▶ Recorded data
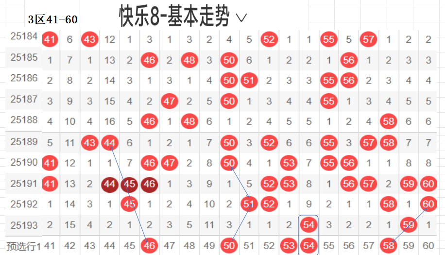 三区(41-60):遗漏5期以下有18码,0码54 59 2个,温开方式,这区码数有回暖之意,可以防一手,先定胆码走势较大者,隔期,斜三连,分边号码,可重防,间隔5期以上号码可以随走势选取,例如本期大冷码,走势比较大,可以做胆,通常联动可带出,分边对称的号码,本区间也有很大走势.可关注下.隐形夹角号码.做补位形态号码.都需要观察动态走势.以上是本区间的选码方法.
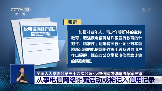 全国人大常委会第三十六次会议今天召开,反电信网络诈骗法草案三审稿提请全国人大常委会审议。草案三审稿规定,对从事电信网络诈骗活动的有关人员,可以按照国家有关规定记入信用记录,并规定了具体惩戒措施。同时,明确有关部门应当建立健全申诉渠道、信用修复和救济制度。
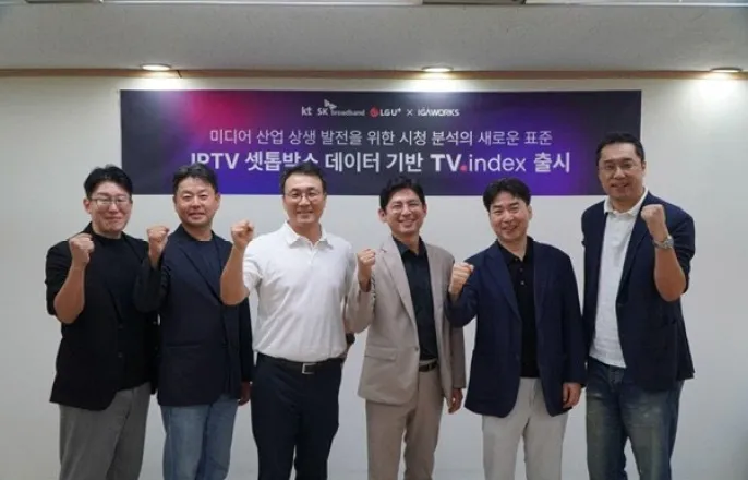 KT·SK브로드밴드·LG유플러스·아이지에이웍스통합시청데이터솔루션‘TV인덱스’공개[이데일리김현아기자]국내TV시청률조사가30년만에새기준을맞는다.KT(030200),SK브로드밴드,LG유플러스(032640)등IPTV3사가아이지에이웍스와손잡고실제1,800만대셋톱박스데이터를기반으로한시청분석솔루션‘TV인덱스(TVIndex)’를공개했다.그동안소수가구패널조사에의존하던시청률측정체계가,실제시청데이터를기반으로한디지털수준의정밀분석으로전환된다.1800만대셋톱박스데이터기반…시청률대신‘실제시청자수’제공TV광고시장에는매년수조원이투입되지만,광고주와방송사는시청자가실제로얼마나시청하는지정확히알기어려웠다.그이유는전국4천가구패널조사를전체시청자로확대하는기존추정방식때문이다.이로인해같은프로그램이라도조사기관마다시청률순위가달라지고,수만명이봐도‘0%’로표시되는왜곡이발생했다.TV인덱스는이러한한계를근본적으로개선한다.단순비율중심의시청률대신,실제시청자수와시청시간을함께제공해프로그램의도달률과몰입도를구체적으로보여준다.예를들어기존에는‘시청률1.5%’라는수치만확인할수있었다면,이제는‘55만명이하루평균1.1시간시청했다’는식으로실제규모를바로알수있다.아이지에이웍스와IPTV3사‘TV인덱스’출시행사.왼쪽부터아이지에이웍스이철환데이터사업부문대표,LG유플러스엄상현미디어제휴담당,SK브로드밴드이창훈콘텐츠전략담당,KT최광철IPTV사업본부장,LG유플러스박찬승홈사업그룹장,아이지에이웍스마국성대표.방송사·광고주·중소채널모두에게열린데이터아이지에이웍스는IPTV3사로부터제공받은대규모시청데이터를통합하고,AI분석을통해업계전반이활용할수있는표준지표체계를구축했다.이를통해방송사는채널과프로그램의성과를객관적으로입증해광고단가협상이나편성전략에활용할수있다.또한중소PP나비인기채널도구체적인시청데이터를근거로광고주를설득할수있게됐다.TV인덱스는개인을식별할수없는통계데이터기반으로설계돼,개인정보침해우려없이안전하게활용이가능하다.현재공개된TV인덱스는채널단위의시청패턴을중심으로제공되며,향후프로그램·광고·성별·연령대등세분화된시청자그룹별데이터로확장될예정이다.아이지에이웍스는이를통해TV시청데이터도온라인처럼정밀하게분석할수있는시대를열겠다는목표다.아이지에이웍스마국성대표는“IPTV3사가공동표준을마련하고,실제데이터기반의사결정이가능한지표를완성했다”며“기관마다달라혼란을초래하던기존시청률대신,업계가신뢰할수있는새로운표준이자리잡을것”이라고말했다.김현아([email protected])Copyright©이데일리.무단전재및재배포금지.
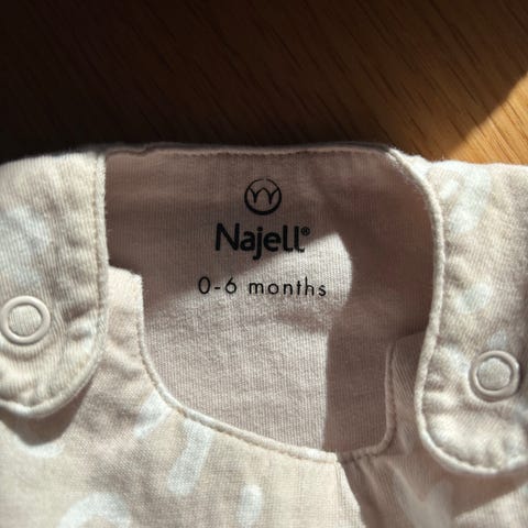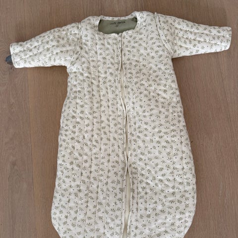 Den beige er størrelse 50, den blå er størrelse 2-4 måneder. Nesten ikke brukt.
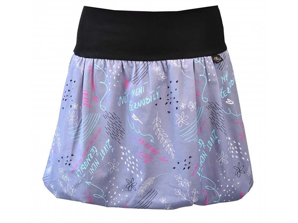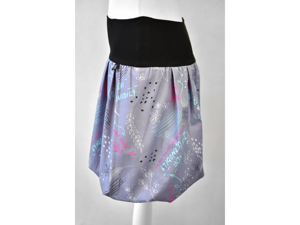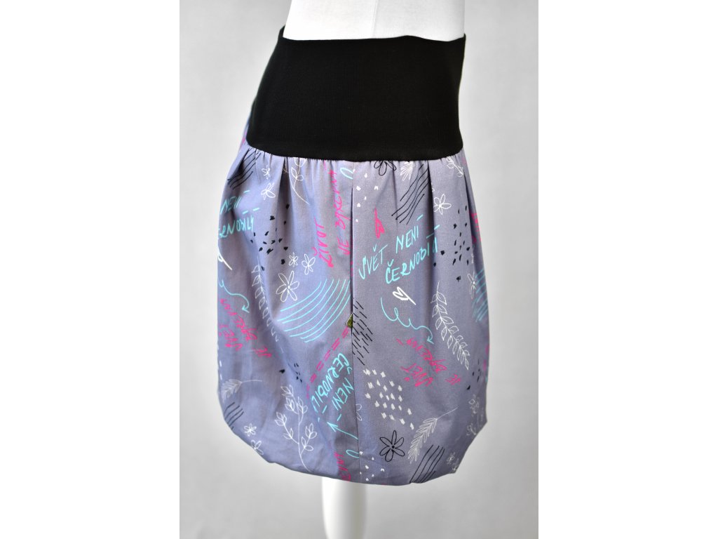 Dámská sukně balonového střihu s dvojitým elastickým pasovým okrajem vhodným pro většinu velikostí. Podšité polyesterovou látkou, která je vhodná jak na punčochy, tak holé nohy a sukně se dá nosit celoročně. Z rubu elastického pasu je nechán otvor na případné vložení gumy na zpevnění či stažení pasu – vhodné pro velikost XS.
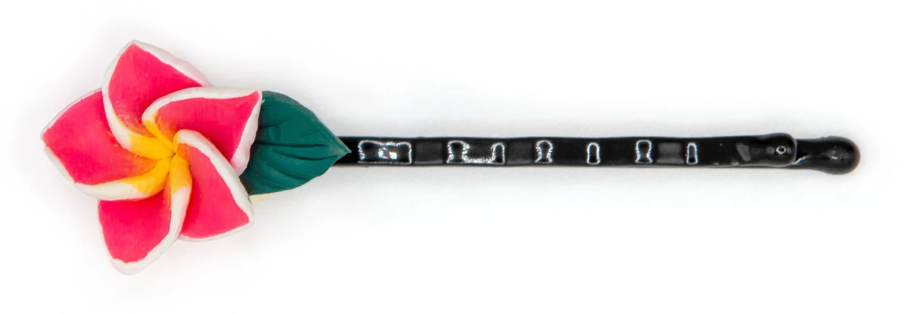 Pretty plumeria blossoms measure approximately 0.625″ in diameter – on a durable black bobby pin. Set of Two.
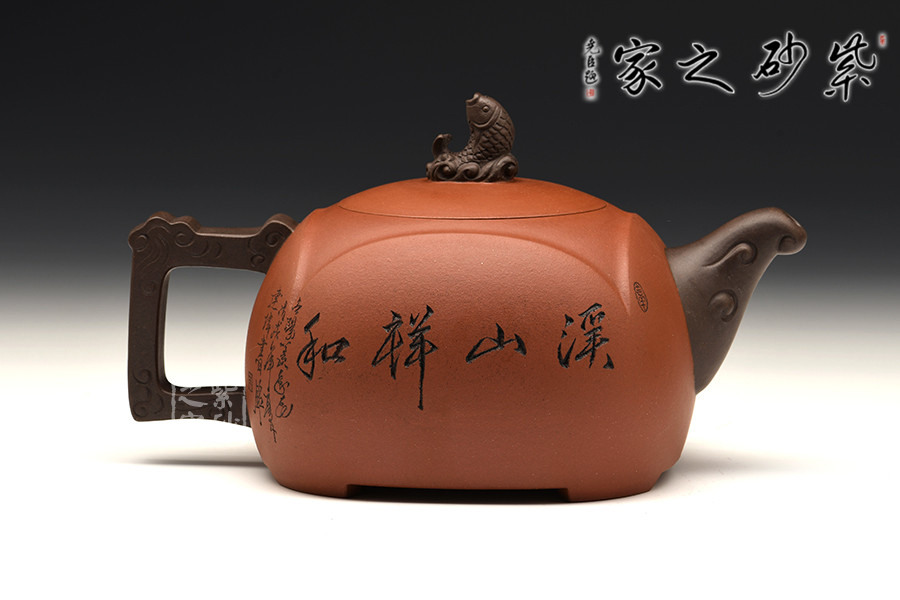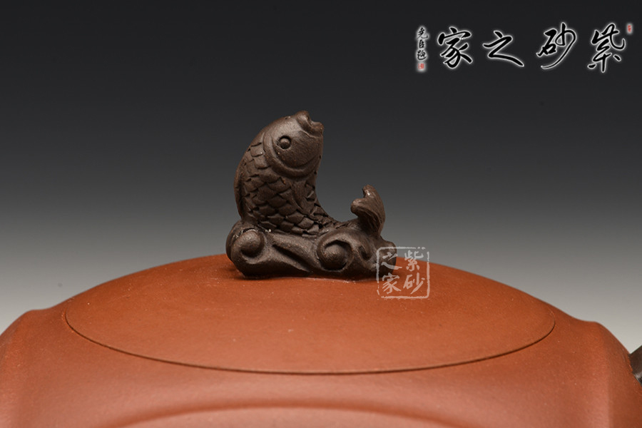此壺設(shè)計(jì)巧思,造型華美大方,壺身為圓形,彎嘴方把,以躍起的“錦鯉”為鈕,別致可愛。嘴把鈕色澤一致,與整壺其他色調(diào)和諧,更顯韻致。

▶ What to work on
Would you repeat the complete listing exactly, excluding each picture it holds?

▶ Answer to this problem
 三区(41-60):遗漏5期以下有18码,0码54 59 2个,温开方式,这区码数有回暖之意,可以防一手,先定胆码走势较大者,隔期,斜三连,分边号码,可重防,间隔5期以上号码可以随走势选取,例如本期大冷码,走势比较大,可以做胆,通常联动可带出,分边对称的号码,本区间也有很大走势.可关注下.隐形夹角号码.做补位形态号码.都需要观察动态走势.以上是本区间的选码方法.
 全国人大常委会第三十六次会议今天召开,反电信网络诈骗法草案三审稿提请全国人大常委会审议。草案三审稿规定,对从事电信网络诈骗活动的有关人员,可以按照国家有关规定记入信用记录,并规定了具体惩戒措施。同时,明确有关部门应当建立健全申诉渠道、信用修复和救济制度。
 KT·SK브로드밴드·LG유플러스·아이지에이웍스통합시청데이터솔루션‘TV인덱스’공개[이데일리김현아기자]국내TV시청률조사가30년만에새기준을맞는다.KT(030200),SK브로드밴드,LG유플러스(032640)등IPTV3사가아이지에이웍스와손잡고실제1,800만대셋톱박스데이터를기반으로한시청분석솔루션‘TV인덱스(TVIndex)’를공개했다.그동안소수가구패널조사에의존하던시청률측정체계가,실제시청데이터를기반으로한디지털수준의정밀분석으로전환된다.1800만대셋톱박스데이터기반…시청률대신‘실제시청자수’제공TV광고시장에는매년수조원이투입되지만,광고주와방송사는시청자가실제로얼마나시청하는지정확히알기어려웠다.그이유는전국4천가구패널조사를전체시청자로확대하는기존추정방식때문이다.이로인해같은프로그램이라도조사기관마다시청률순위가달라지고,수만명이봐도‘0%’로표시되는왜곡이발생했다.TV인덱스는이러한한계를근본적으로개선한다.단순비율중심의시청률대신,실제시청자수와시청시간을함께제공해프로그램의도달률과몰입도를구체적으로보여준다.예를들어기존에는‘시청률1.5%’라는수치만확인할수있었다면,이제는‘55만명이하루평균1.1시간시청했다’는식으로실제규모를바로알수있다.아이지에이웍스와IPTV3사‘TV인덱스’출시행사.왼쪽부터아이지에이웍스이철환데이터사업부문대표,LG유플러스엄상현미디어제휴담당,SK브로드밴드이창훈콘텐츠전략담당,KT최광철IPTV사업본부장,LG유플러스박찬승홈사업그룹장,아이지에이웍스마국성대표.방송사·광고주·중소채널모두에게열린데이터아이지에이웍스는IPTV3사로부터제공받은대규모시청데이터를통합하고,AI분석을통해업계전반이활용할수있는표준지표체계를구축했다.이를통해방송사는채널과프로그램의성과를객관적으로입증해광고단가협상이나편성전략에활용할수있다.또한중소PP나비인기채널도구체적인시청데이터를근거로광고주를설득할수있게됐다.TV인덱스는개인을식별할수없는통계데이터기반으로설계돼,개인정보침해우려없이안전하게활용이가능하다.현재공개된TV인덱스는채널단위의시청패턴을중심으로제공되며,향후프로그램·광고·성별·연령대등세분화된시청자그룹별데이터로확장될예정이다.아이지에이웍스는이를통해TV시청데이터도온라인처럼정밀하게분석할수있는시대를열겠다는목표다.아이지에이웍스마국성대표는“IPTV3사가공동표준을마련하고,실제데이터기반의사결정이가능한지표를완성했다”며“기관마다달라혼란을초래하던기존시청률대신,업계가신뢰할수있는새로운표준이자리잡을것”이라고말했다.김현아([email protected])Copyright©이데일리.무단전재및재배포금지.
 Den beige er størrelse 50, den blå er størrelse 2-4 måneder. Nesten ikke brukt.
 Dámská sukně balonového střihu s dvojitým elastickým pasovým okrajem vhodným pro většinu velikostí. Podšité polyesterovou látkou, která je vhodná jak na punčochy, tak holé nohy a sukně se dá nosit celoročně. Z rubu elastického pasu je nechán otvor na případné vložení gumy na zpevnění či stažení pasu – vhodné pro velikost XS.
 Pretty plumeria blossoms measure approximately 0.625″ in diameter – on a durable black bobby pin. Set of Two.
此壺設(shè)計(jì)巧思,造型華美大方,壺身為圓形,彎嘴方把,以躍起的“錦鯉”為鈕,別致可愛。嘴把鈕色澤一致,與整壺其他色調(diào)和諧,更顯韻致。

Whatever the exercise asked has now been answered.